First Report from North American SUDEP Registry Presented


At the annual meeting of the American Epilepsy Society, data were, for the first time, reported from the North American SUDEP Registry (NASR), a retrospective repository of medical data from persons who died from sudden unexpected death in epilepsy (SUDEP). Overall demographic and seizure-related data were similar to that found in previous studies, suggesting NASR data are representative of the many diverse presentations of SUDEP. 

 The vast majority (91%) of deaths were unwitnessed, and in these instances, 59% had evidence of a terminal seizure such as an oral laceration or incontinence. 

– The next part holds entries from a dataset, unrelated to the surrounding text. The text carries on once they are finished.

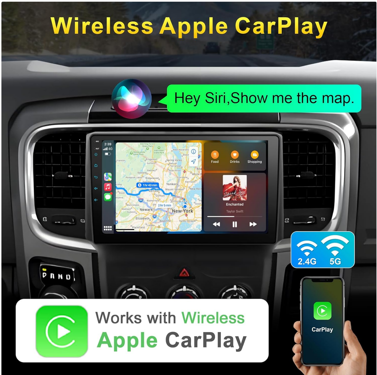
Image: The car stereo screen displaying the Apple CarPlay interface, featuring navigation and music controls.

Connect your smartphone wirelessly via Bluetooth or Wi-Fi to access Apple CarPlay or Android Auto. This feature allows for seamless integration of navigation, music streaming, hands-free calls, and messaging directly on the car stereo display.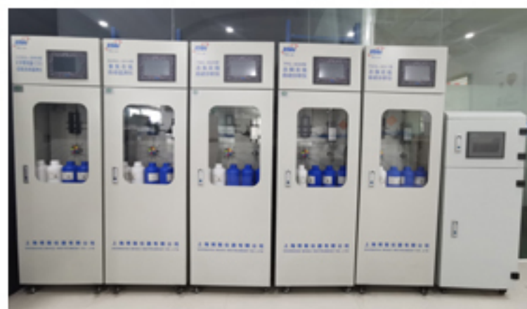
Show Room 2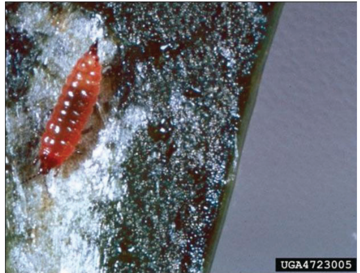
Figure 3. Second instar (deep red in color with black legs) of the alligatorweed thrips, Amynothrips andersoni O'Neill.

As with other species of thrips in the family Phlaeothripidae, development of the alligatorweed thrips progresses through three pupal instars: a propupa, followed by pupal instars 1 and 2 (Center et al. 2002; Buckingham 2004).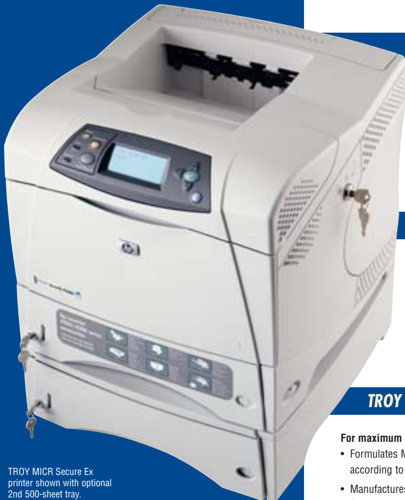
TROY MICR Secure Ex printer shown with optional 2nd 500-sheet tray.

 For the 250 identified patients who died from SUDEP, the median age at death was 26 (range 1-70 years), and twice as many men as women died from SUDEP. Most patients were Caucasian (75.2%) with Hispanics (9.8%) and African Americans (9.6%) being the next largest ethnicities. For the 151 patients in whom seizure classification was possible, focal to bilateral seizures were most common (44.4%) followed by seizures with primarily generalized onset (31%); no history of tonic-clonic seizures was present in 24.5%.

 Since June 2011, living first degree relatives of patients who died of SUDEP have voluntarily shared their deceased family member’s, their own, and sometimes other family members medical history. Data collected includes medical records, EEGs, MRIs, death investigation reports, and DNA and brain tissue samples when available. Telephone interviews with the deceased’s next of kin have also been conducted to obtain details about social and family history, treatment information (including adherence), and seizure semiology.

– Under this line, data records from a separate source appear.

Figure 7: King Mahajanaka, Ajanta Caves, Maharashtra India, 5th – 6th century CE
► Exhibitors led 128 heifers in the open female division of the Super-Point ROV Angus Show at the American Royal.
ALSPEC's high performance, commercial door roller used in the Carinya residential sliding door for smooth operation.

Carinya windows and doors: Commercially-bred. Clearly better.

 For every patient in the registry with SUDEP, 2 neurologists confirmed the diagnosis of SUDEP and the patient’s seizure type after review of the patient’s medical records. If disagreement occurred, the classification was adjudicated by a panel of 3 to 5 epileptologists, SUDEP researchers, and medical examiners. Researchers at the NYU Langone Comprehensive Epilepsy Center where the registry was created aim to share NASR data openly with qualified researchers to further understand and hopefully eventually prevent SUDEP.